The Web Sri Lanka In Focus

Thursday 12 June 2008

Sri Lanka says peace brokers can't visit rebel north

Sri Lanka has refused requests by Norwegian peace mediators to visit rebel territory, and said fresh peace talks hinged on Tamil Tiger guarantees to lay down arms and stick to a negotiation timetable. Nordic ceasefire monitors quit the country this year after the six-year Norway brokered truce disintegrated.
Earlier this week, Seewaratnam Puleedevan, secretary-general of the rebels' Peace Secretariat, said he wanted to meet directly with peace facilitators.
However, the government said the team headed by Norway's Special Peace Envoy John Hansen Baur, would, for now, not be allowed to visit the rebels' northern stronghold.
"We don't want -- Mr. Baur coming up, so that they can take photograph of him and say 'Mr. Baur has come to see the terrible sufferings inflicted on Tamil people of the Tamil Ealam'. It can't be propaganda," Rajiva Wijesinghe, the secretary general of the Secretariat for Coordinating the Peace Process (SCOPP), told Reuters on late Wednesday.
"Baur had wanted to go. But we have told him, we want a very clear idea of why you are going. It would mean a commitment of the LTTE and what they want Baur to come and talk about."
The government said it would only reconsider restarting the dead peace process when the rebels agreed to a clear road map to ending the 25-year civil war that has killed more than 70,000 people.
The government's stance comes amid intensified fighting between the military and rebels who want an independent state in the north and east.
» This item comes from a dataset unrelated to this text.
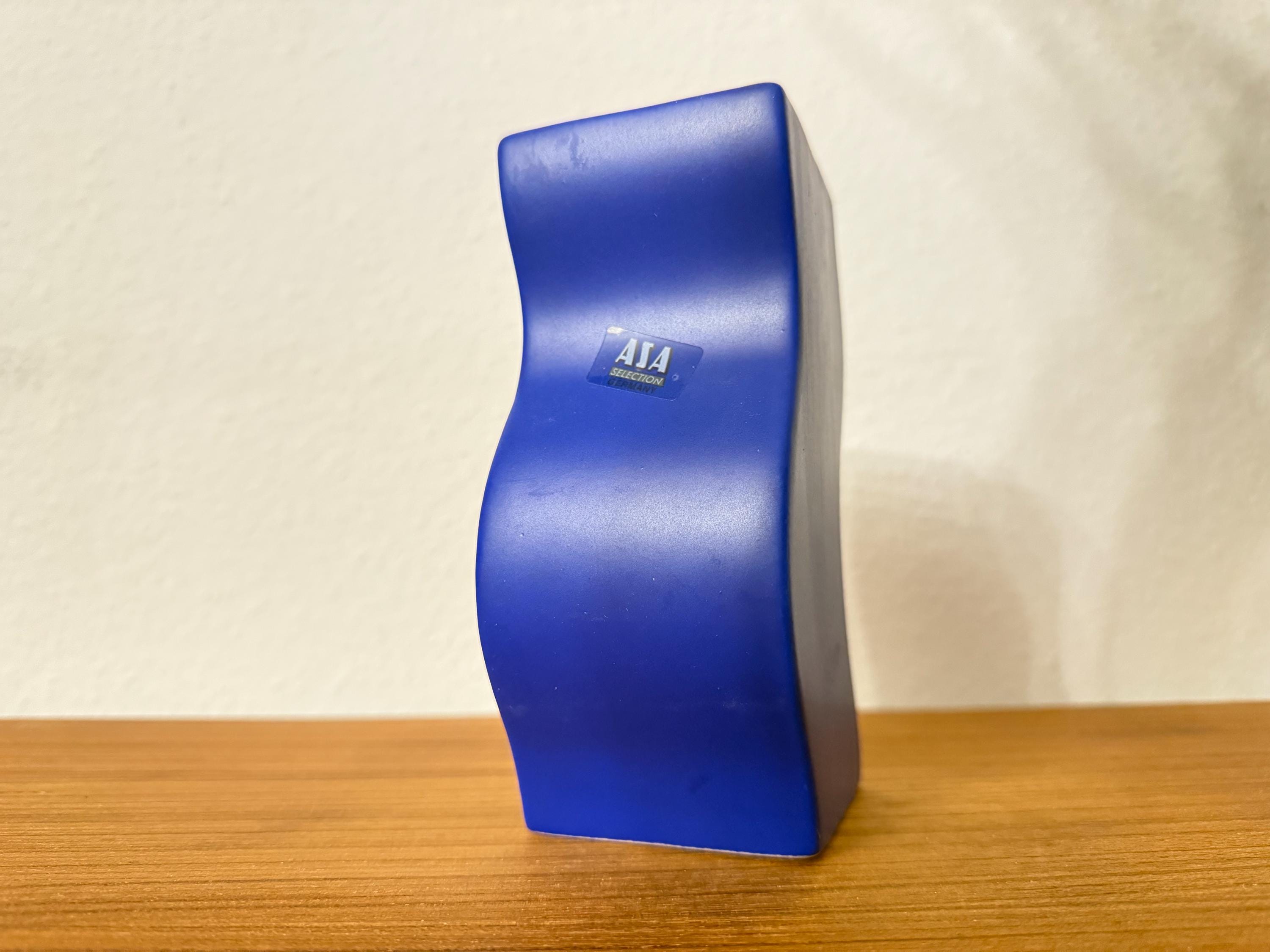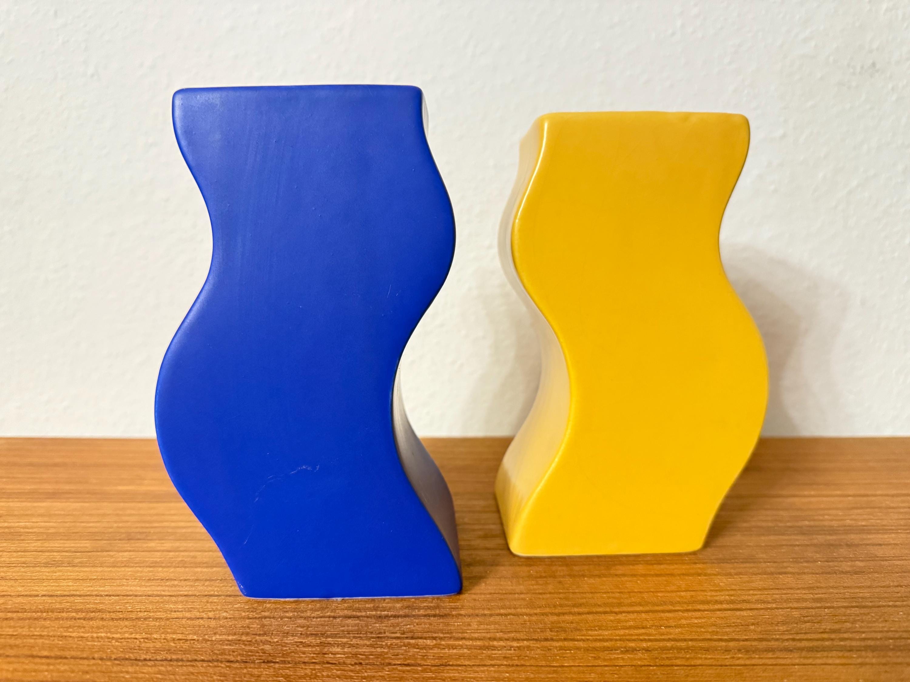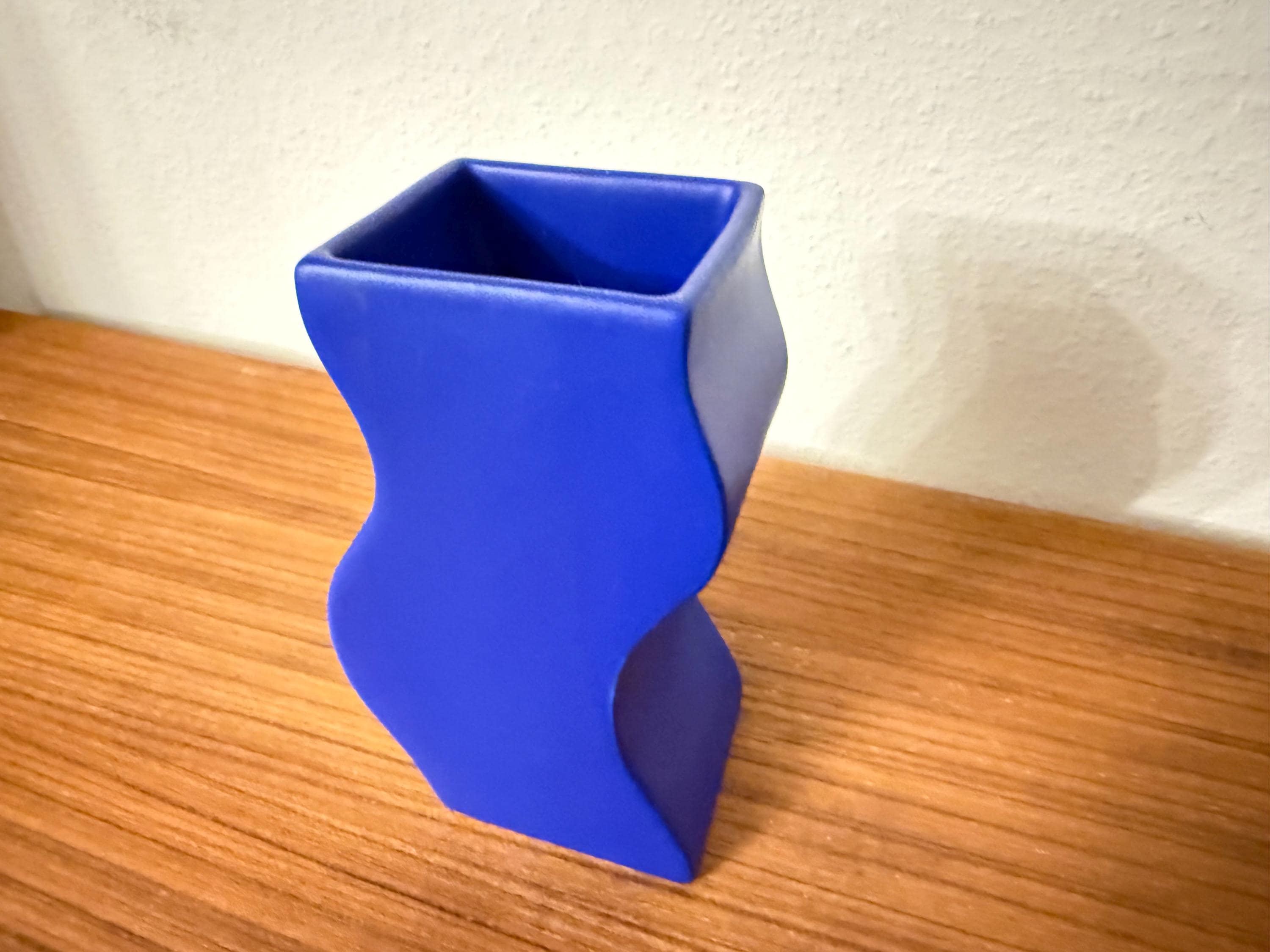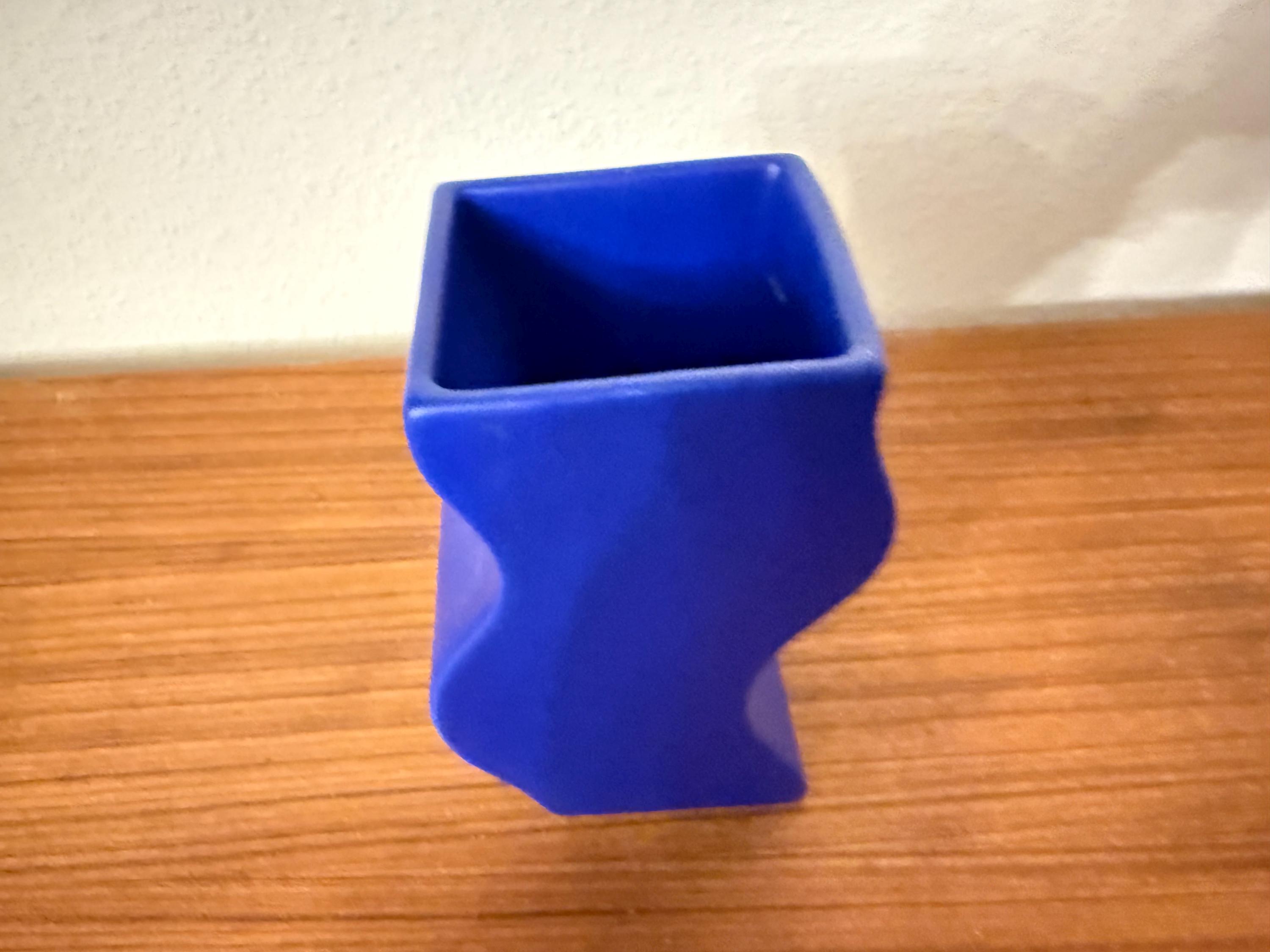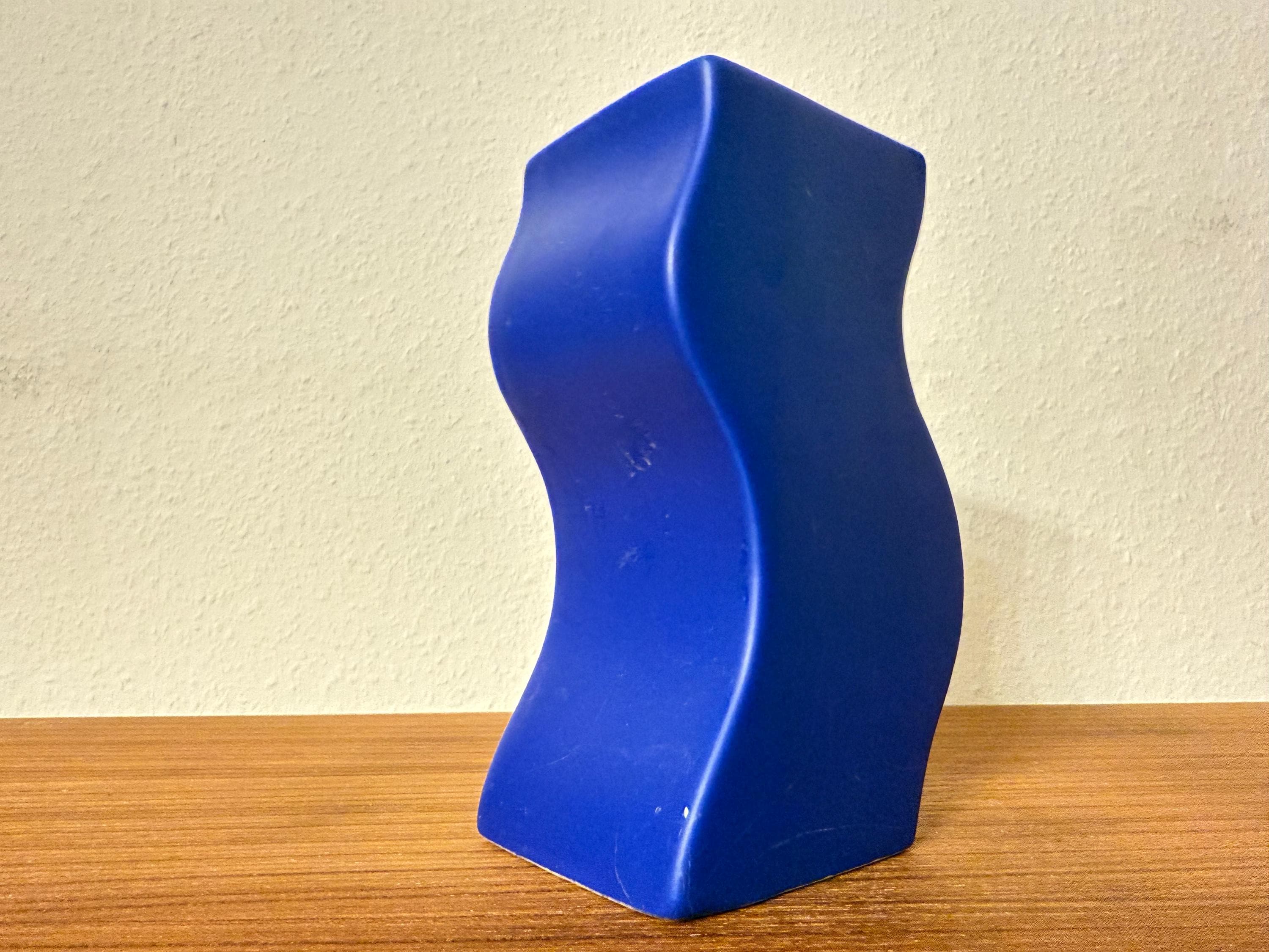 A beautiful, intensely blue, postmodern vase by ASA Selection with a wavy outline that takes on different shapes depending on the viewing angle. Vintage from the 1980s.

"What the Sri Lankan government wants is -- the Norwegians have to give us a clear road map," said Wijesinghe.
"Unless you have a clear road map that leads to a democratic political solution, I don't think you can take any LTTE claim to negotiate a deal.
"Part of that road map would be a ceasefire and commitment ... guaranteeing of laying down of arms. That road map should make very clear to us, there is a very genuine commitment to negotiate to a political solution."
If the Tigers want to pursue peace talks without laying down arms, they should at least guarantee de-commissioning of arms, Wijesinghe added.
Meanwhile, the military said they said on Thursday they were closing in on rebel leader Valupillai Prabhakan.
"The Security Forces are attacking Mullaittiuvu, Prabhakaran's hideout, from several directions. The army's aim is to capture Prabhakaran, who is holed up in a bunker, alive," army commander Lieutenant-General Sarath Fonseka said.
"Prabhakaran is believed to be living in an underground bunker in the area. Forces have already regained several hundred square kilometres where the Tigers held sway and they have to march forward another 21 miles to achieve the final goals."